With only 1 HD-DVR and 1 HD receiver, it's cheaper for my to do my own DECA conversion. My only question is the band stop filters. I have a SWM SL3, an HR21, and an H21.

Where in my setup would I need a BSF?


----------



## veryoldschool (Dec 10, 2006)

Chop69 said:


> With only 1 HD-DVR and 1 HD receiver, it's cheaper for my to do my own DECA conversion. My only question is the band stop filters. I have a SWM SL3, an HR21, and an H21.
> 
> Where in my setup would I need a BSF?


between the first splitter and the dish.


----------



## thekochs (Oct 7, 2006)

From other thread.....a pic always helps.....see yellow circle.


----------



## oldguy1 (Aug 22, 2006)

Chop69 said:


> With only 1 HD-DVR and 1 HD receiver, it's cheaper for my to do my own DECA conversion. My only question is the band stop filters. I have a SWM SL3, an HR21, and an H21.
> 
> Where in my setup would I need a BSF?


If you have certain equipment, the BSF if not required.

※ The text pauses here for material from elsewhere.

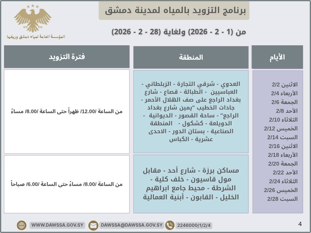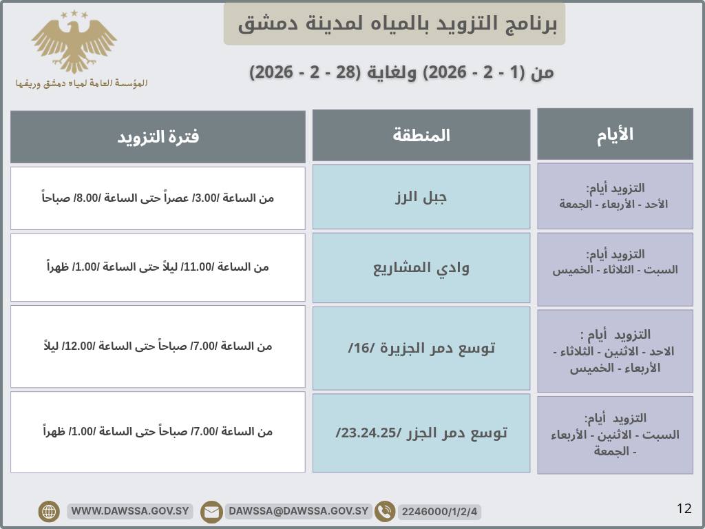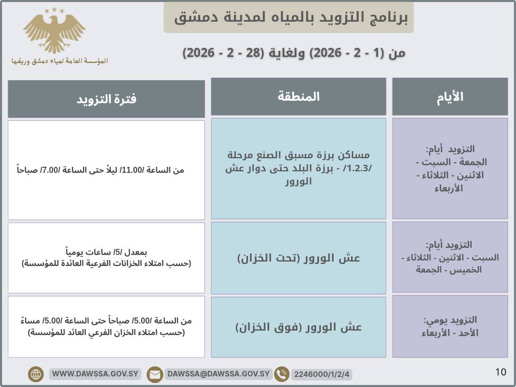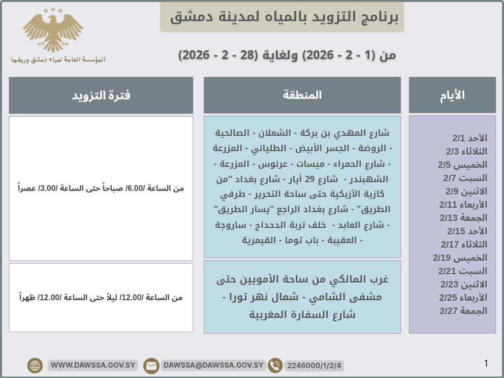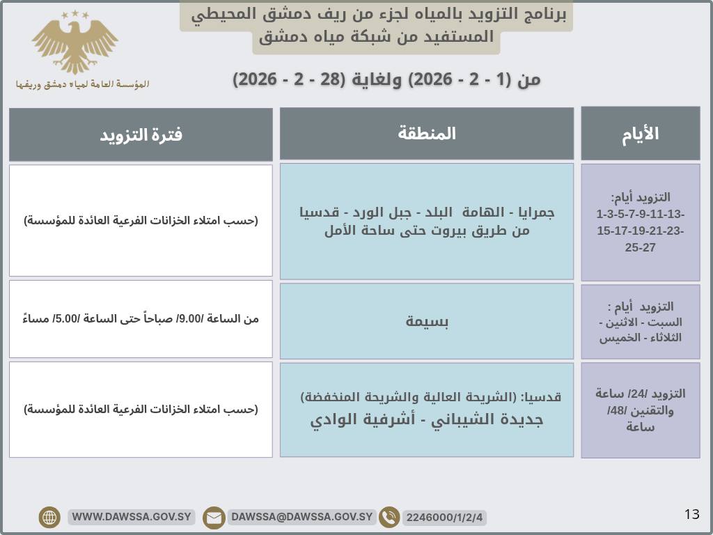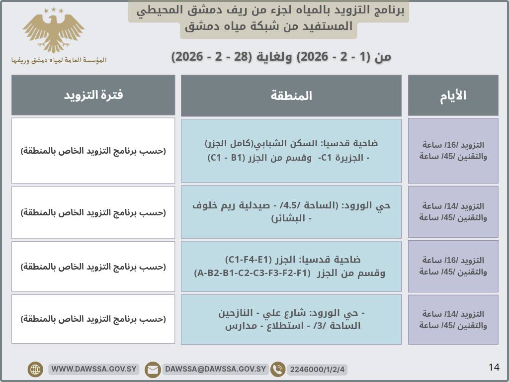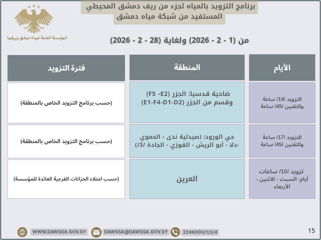 برنامج التزويد بالمياه لمدينة دمشق وجزء من ريفها المحيطي خلال شهر شباط 2026

Check here: http://www.solidsignal.com/pview.as...DECA--(DECA1MR01)&c=Satellite Components&sku=

Look under specifications.


----------



## hilmar2k (Mar 18, 2007)

oldguy1 said:


> If you have certain equipment, the BSF if not required.
> 
> Check here: http://www.solidsignal.com/pview.as...DECA--(DECA1MR01)&c=Satellite Components&sku=
> 
> Look under specifications.


What that doesn't mention is the SWM system. If not a green label, then you need one before the first splitter.


----------



## dwcolvin (Oct 4, 2007)

Chop69 said:


> With only 1 HD-DVR and 1 HD receiver, *it's cheaper for my to do my own DECA conversion*. My only question is the band stop filters. I have a SWM SL3, an HR21, and an H21.
> 
> Where in my setup would I need a BSF?


Are you _sure_ it's cheaper? You would need 1 DECA at each receiver, plus another DECA and power supply to bridge to your home network (assuming you have one), plus a BS filter between the splitter and SWM.

I'm sure long-term you're better off if you let D* install it.


----------